The Coonley House is widely considered on of Wright’s three most significant Prairie houses and was described by Wright as his favorite house in his 1932 Autobiography. The Coonley House with four linked units was Wright’s first zone plan. The Coonley House, Stable and Gardener’s Cottage became National Historic Landmarks in 1970.
Frank Lloyd Wright’s Stable design consisted of three separate units with overlapping roofs:
- a central main unit with a horse stable, carriage garage, tack rooms and hay loft
- a west unit with a coachman’s apartment and workshop and
- an east unit near Coonley Road with a chicken coop, cow barn, storage and garden shed
The Stable was completed in 1911 and was significantly altered by the Coonleys to contain a two car garage and a central steam boiler for the estate. The chicken coop was eliminated. The carriage garage in the main unit was enlarged and the three units were connected. These alterations were likely implemented by William Drummond.
Restoration Goal and Scope
The restoration goal is an adaptive renovation and restoration of the Coach House and Sunken Garden to an attractive residence which restores or recreates the original exterior appearance and exterior and interior materials, colors and textures as much as possible. A total restoration of all elements of the house and grounds has been implemented.
Exterior and Interior Work
The restoration is based on:
- historic photos by Jens Jensen, James Howlett, and others,
- Wright’s plans and
- detailed analysis of the ‘as-is’ building (structures, materials and colors).
Highlights of exterior restoration work included, but not limited to:
- Stabilization, repair and restoration of the damaged and leaking roof.
- Extensive structural framing and new soffit planks to support the Wright copper barrel gutter.
- Existing casement light screens were replaced and new structural framing was done for new windows and doors.
- Exterior walls were rebuilt as needed with repair of structural deficiencies. New stucco was added to match the original Coonley House stucco.
- Wright’s original “Sunken Garden” plan was recovered by removal of extensive junk trees and shrubs, construction debris and incorrect patio tile and dirt. All grounds were landscaped based on Jens Jensen’s October 1913 Coonley Estate Plan.

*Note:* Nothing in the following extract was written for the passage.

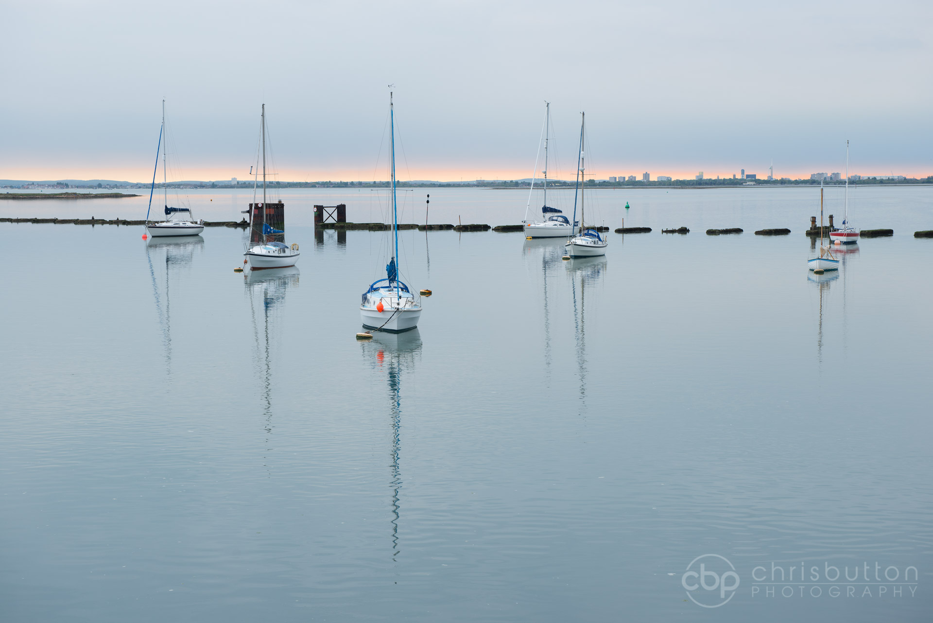 This is the sort of shot I would only plan for if light winds were forecast and that usually means 6mph or less. The lovely diffuse light and a band of colour at the horizon were an extra bonus and the Spinnaker Tower is just visible towards the right of the frame.

Highlights of the interior restoration work included, but not limited to:
- An entry hall was created where the original entry foyers for the Coonleys and their servants had been.
- Infrastructure improvements included new sewer lines, HVAC, zoned radiant heating, and updated electrical systems and components.
- About 70 existing in-place “Kyoto” art glass windows plus a dozen more found in the attic, were removed, restored and put back in place. About 18 new art glass windows recreating this design were added.
- Walls and ceilings were restored, including restoration and re-use of original brick materials where possible. Other new walls were plastered with a sand textured material closely resembling the original walls.
- White oak trim was applied throughout the house modeled on a simplified design of the Coonley House original trim.
- Salvaged bricks were also used in the creation of new fireplaces for the Coach House.
- Simple original brass sconces have been recreated and installed in many rooms.
Long Range Impact
Restoration of the Coach House and its grounds enhances the status of the Coonley Estate as one of Wright’s finest efforts. Together with the main part of the Coonley House and its grounds, about 80% of the buildings and hardscape of the original estate on Block II have been restored for the future.